WHAT THE EXERCISE ASKS. Leaving the pictures aside, reproduce the data in full and word for word.

SOURCE DATA.
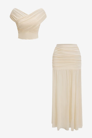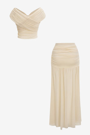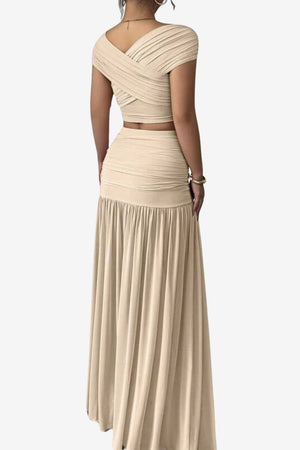 Women's Ruched Off-Shoulder Crop Top and High-Waisted Long Skirt Set
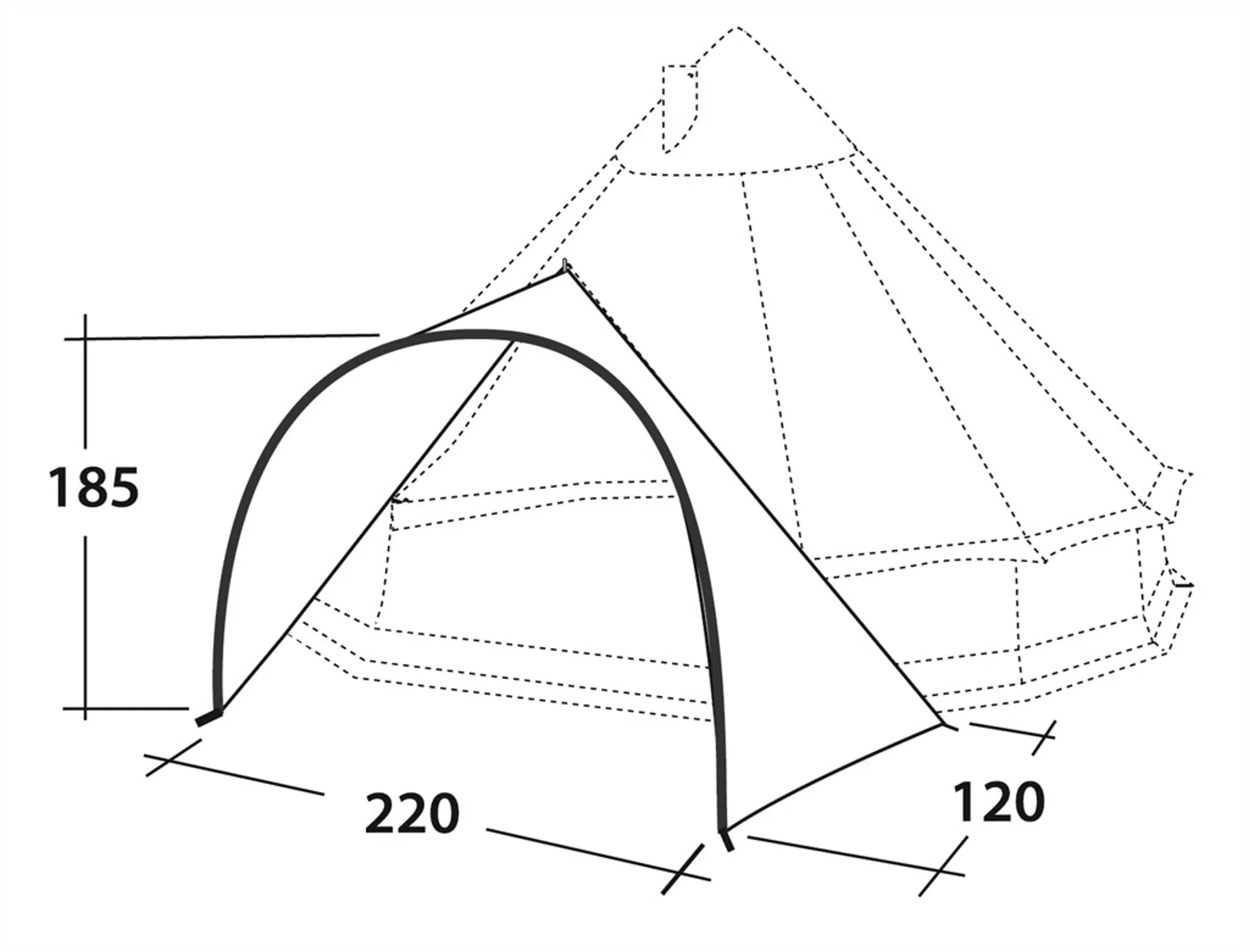 The front uses a sturdy steel hooped pole for stability, and adjustable pegging points take care of uneven ground conditions.
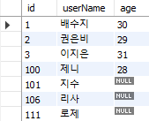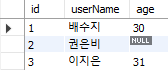 INSERT INTO test2 VALUES (NULL, '배수지', 30);
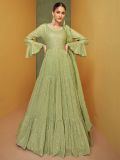 Twirl in style as you wear this light green color anarkali suit in georgette. Furnished using thread and sequins embroidery all over. Teamed up with a matching georgette dupatta and a matching bottom in shantoon. Note: Accessories shown are for styling purpose only. Slight color variation may occur due to photographic reasons. The semi-stitched kameez can be customised upto 42 inches.
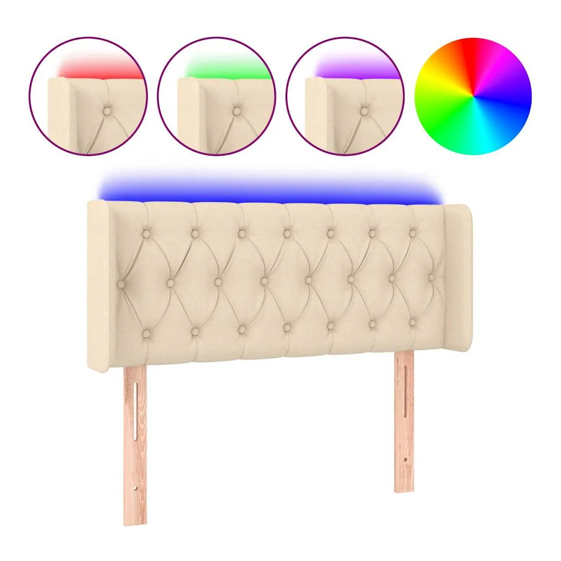 Cette tête de lit à LED classique, au design élégant, donne à votre cadre de lit une touche de modernité étonnante et convient parfaitement à toute chambre à coucher. Tissu durable : le tissu présente un aspect simple et épuré, et il est respirant et durable. LED colorée : apportez de l'éclairage dans l'obscurité avec des lumières LED colorées ! Hauteur réglable : la tête de lit est réglable en hauteur selon vos préférences. Excellent soutien : la tête de lit vous offre un excellent soutien du dos lorsque vous êtes assis dans votre lit pour lire ou regarder la télévision. Bande à LED découpable : cette bande à LED flexible peut être ajustée en longueur. Le symbole des ciseaux indique où la bande peut être coupée en toute sécurité sans l'endommager. Remarque : Seule la partie avec un sy
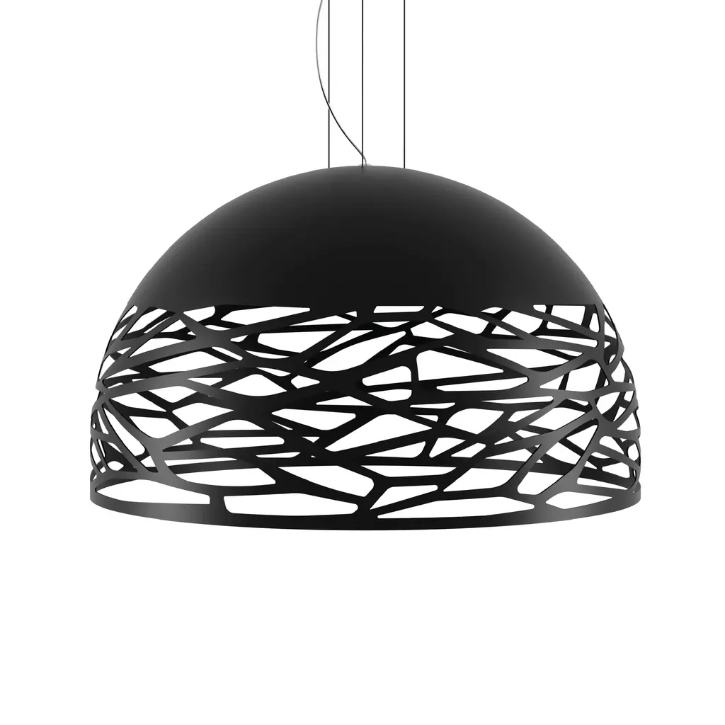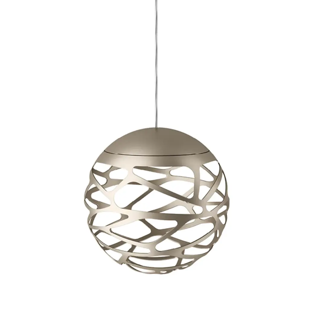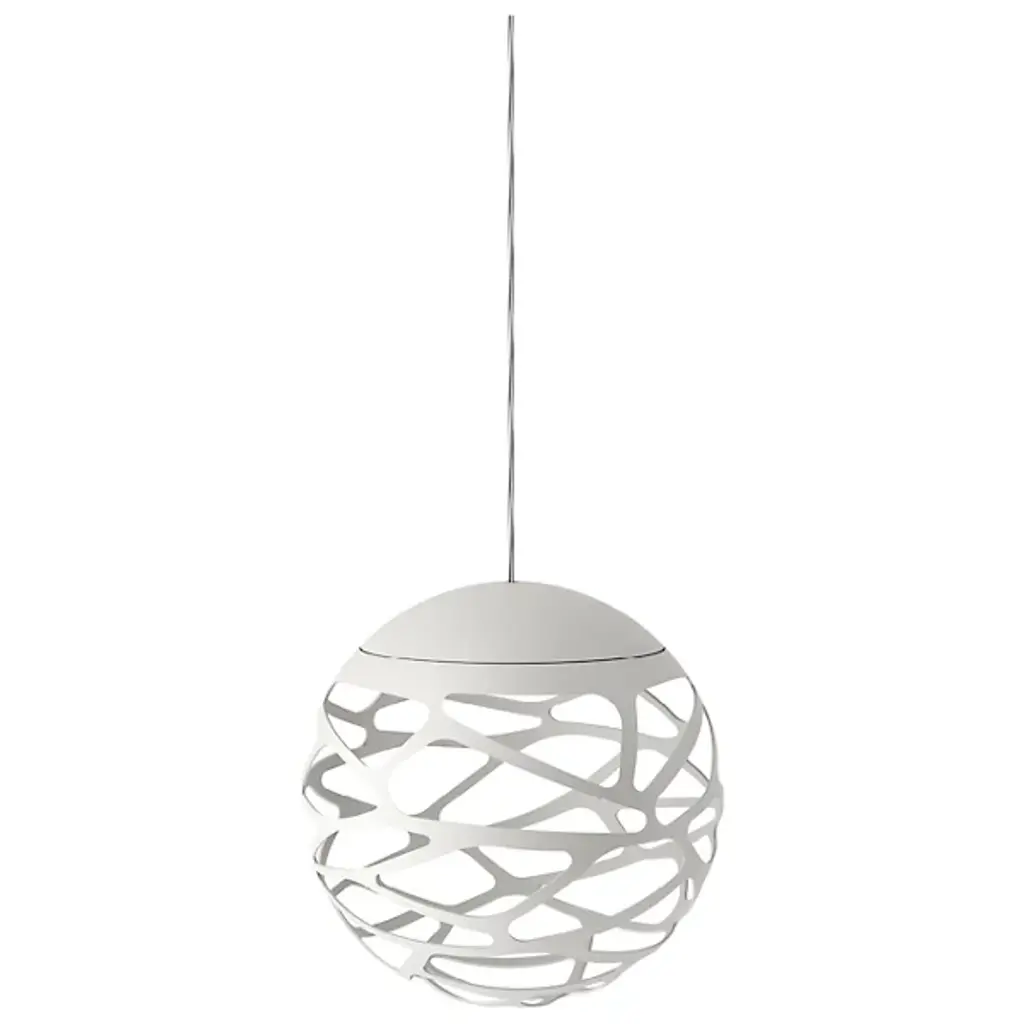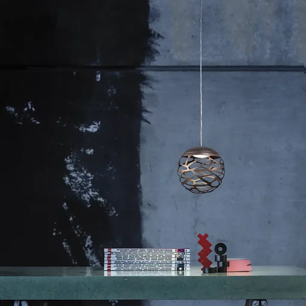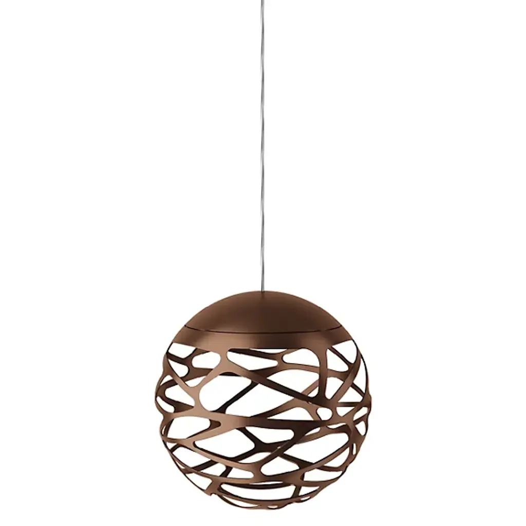 The LODES Kelly Cluster LED Pendant will surely make a statement with cascading orbs elegantly cut and primed for bright illumination. The original Kelly Sphere Pendant is scaled down and multiplied, retaining the same delicate laser cut pattern that populates each metal shell. At the apex of each pendant a white glass diffuser shields the LED light sources, shining uniform down light below. By staggering the pendants at varying lengths further light effects can be achieved, and given a maximum hanging length, there is room for customization.
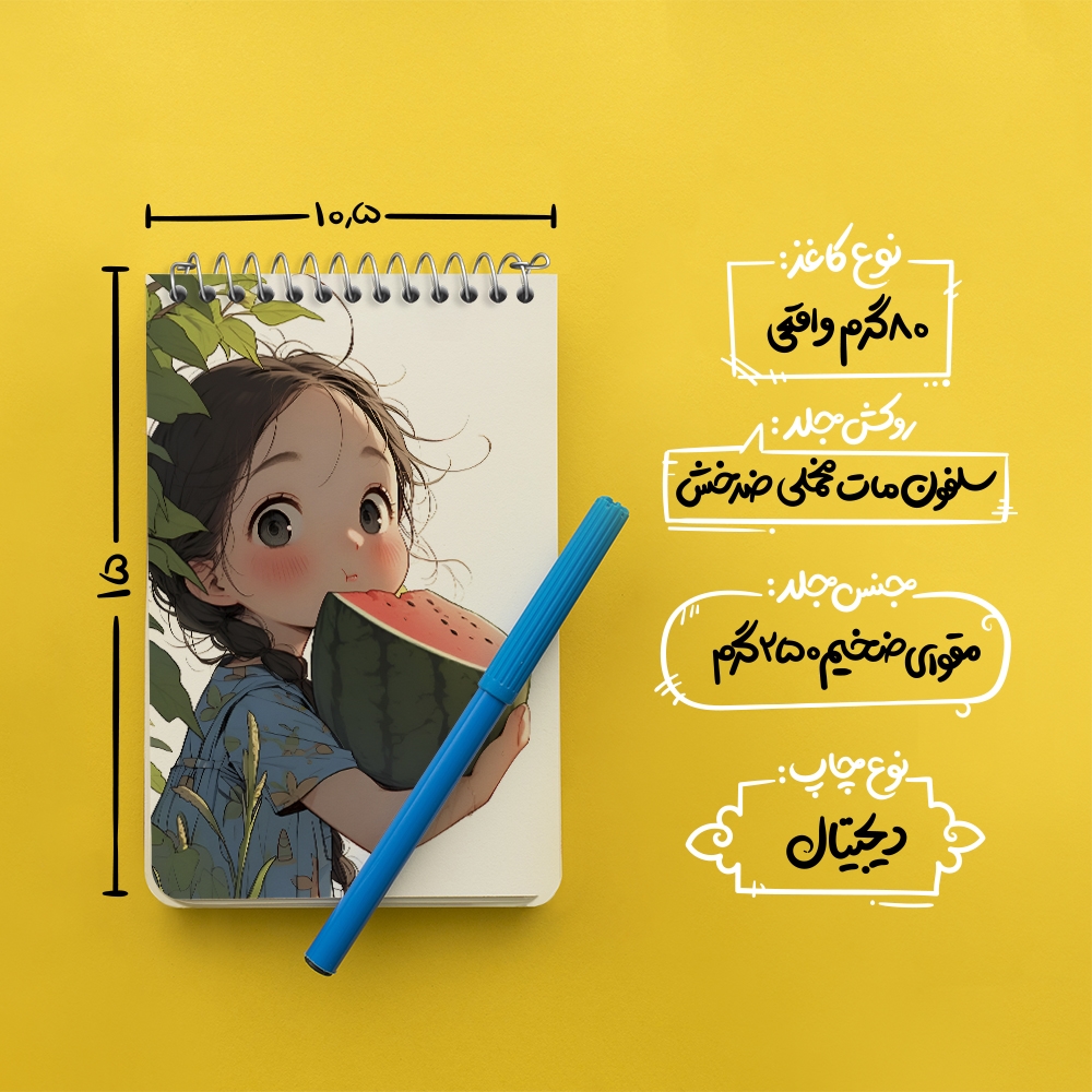 برند خندالو در زمینه تولید انواع دفاتر فانتزی و تحصیلی فعالیت میکند که به دلیل جذابیت ظاهری و طرح های متنوع طرفداران زیادی دارد. دفتر یادداشت خندالو طرح دختر و هندوانه محصولی مناسب برای همه عاشقان لوازم التحریر است و همچنین همه کسانی که بنا به موقعیت تحصیل یا شغلشان با دفتر و نوشت افزار زیاد سر و کار دارند. در تولید دفتر یادداشت خندالو طرح دختر و هندوانه از نوع صحافی فنر مارپیچ استفاده شده که در این نوع صحافی برگهها به راحتی چرخیده و یا بیرون آورده می شوند. دفتر های خندالو دارای جلد انعطاف پذیر از جنس مقوای گلاسه 250 گرم با روکش سلفون مات مخملی است که به شما امکان میدهد از دفتر خود بدون اینکه نگرانی از شکستن یا خراب شدن جلد را داشته باشید استفاده کنید و همچنین در این دفاتر از کاغذ 80 گرم با کیفیت استفاده شده که باعث میشود هنگام نوشتن به خوبی جوهر قلم بر روی صفحه نشسته و از خط خوردگیها جلوگیری کند. دفتر یادداشت خندالو با جنس و دوام مناسب، برگه های کاملاً سفید و خطوط طوسی دقیق را داراست که انسان را به نوشتن منظم و زیبا ترغیب میکند. طراحی کاملاً مناسب این دفاتر، به همراه کیفیت بالا، از آن یک محصول مورد علاقه و قابل اعتماد برای همه مقاطع تحصیلی میسازد. دفتر یادداشت خندالو طرح دختر و هندوانه انتخابی هوشمندانه و مناسب برای افرادی است که به دنبال دفتری با کیفیت و کاربرد عالی هستند. این دفتر، همراه خوبی برای شما در تمام مراحل تحصیل و کار خواهد بود و تجربهای لذتبخش از نوشتن و آموختن را به شما هدیه میدهد.

OUTPUT FOR THIS TASK.
 Women's Ruched Off-Shoulder Crop Top and High-Waisted Long Skirt Set
 The front uses a sturdy steel hooped pole for stability, and adjustable pegging points take care of uneven ground conditions.
 INSERT INTO test2 VALUES (NULL, '배수지', 30);
 Twirl in style as you wear this light green color anarkali suit in georgette. Furnished using thread and sequins embroidery all over. Teamed up with a matching georgette dupatta and a matching bottom in shantoon. Note: Accessories shown are for styling purpose only. Slight color variation may occur due to photographic reasons. The semi-stitched kameez can be customised upto 42 inches.
 Cette tête de lit à LED classique, au design élégant, donne à votre cadre de lit une touche de modernité étonnante et convient parfaitement à toute chambre à coucher. Tissu durable : le tissu présente un aspect simple et épuré, et il est respirant et durable. LED colorée : apportez de l'éclairage dans l'obscurité avec des lumières LED colorées ! Hauteur réglable : la tête de lit est réglable en hauteur selon vos préférences. Excellent soutien : la tête de lit vous offre un excellent soutien du dos lorsque vous êtes assis dans votre lit pour lire ou regarder la télévision. Bande à LED découpable : cette bande à LED flexible peut être ajustée en longueur. Le symbole des ciseaux indique où la bande peut être coupée en toute sécurité sans l'endommager. Remarque : Seule la partie avec un sy
 The LODES Kelly Cluster LED Pendant will surely make a statement with cascading orbs elegantly cut and primed for bright illumination. The original Kelly Sphere Pendant is scaled down and multiplied, retaining the same delicate laser cut pattern that populates each metal shell. At the apex of each pendant a white glass diffuser shields the LED light sources, shining uniform down light below. By staggering the pendants at varying lengths further light effects can be achieved, and given a maximum hanging length, there is room for customization.
 برند خندالو در زمینه تولید انواع دفاتر فانتزی و تحصیلی فعالیت میکند که به دلیل جذابیت ظاهری و طرح های متنوع طرفداران زیادی دارد. دفتر یادداشت خندالو طرح دختر و هندوانه محصولی مناسب برای همه عاشقان لوازم التحریر است و همچنین همه کسانی که بنا به موقعیت تحصیل یا شغلشان با دفتر و نوشت افزار زیاد سر و کار دارند. در تولید دفتر یادداشت خندالو طرح دختر و هندوانه از نوع صحافی فنر مارپیچ استفاده شده که در این نوع صحافی برگهها به راحتی چرخیده و یا بیرون آورده می شوند. دفتر های خندالو دارای جلد انعطاف پذیر از جنس مقوای گلاسه 250 گرم با روکش سلفون مات مخملی است که به شما امکان میدهد از دفتر خود بدون اینکه نگرانی از شکستن یا خراب شدن جلد را داشته باشید استفاده کنید و همچنین در این دفاتر از کاغذ 80 گرم با کیفیت استفاده شده که باعث میشود هنگام نوشتن به خوبی جوهر قلم بر روی صفحه نشسته و از خط خوردگیها جلوگیری کند. دفتر یادداشت خندالو با جنس و دوام مناسب، برگه های کاملاً سفید و خطوط طوسی دقیق را داراست که انسان را به نوشتن منظم و زیبا ترغیب میکند. طراحی کاملاً مناسب این دفاتر، به همراه کیفیت بالا، از آن یک محصول مورد علاقه و قابل اعتماد برای همه مقاطع تحصیلی میسازد. دفتر یادداشت خندالو طرح دختر و هندوانه انتخابی هوشمندانه و مناسب برای افرادی است که به دنبال دفتری با کیفیت و کاربرد عالی هستند. این دفتر، همراه خوبی برای شما در تمام مراحل تحصیل و کار خواهد بود و تجربهای لذتبخش از نوشتن و آموختن را به شما هدیه میدهد.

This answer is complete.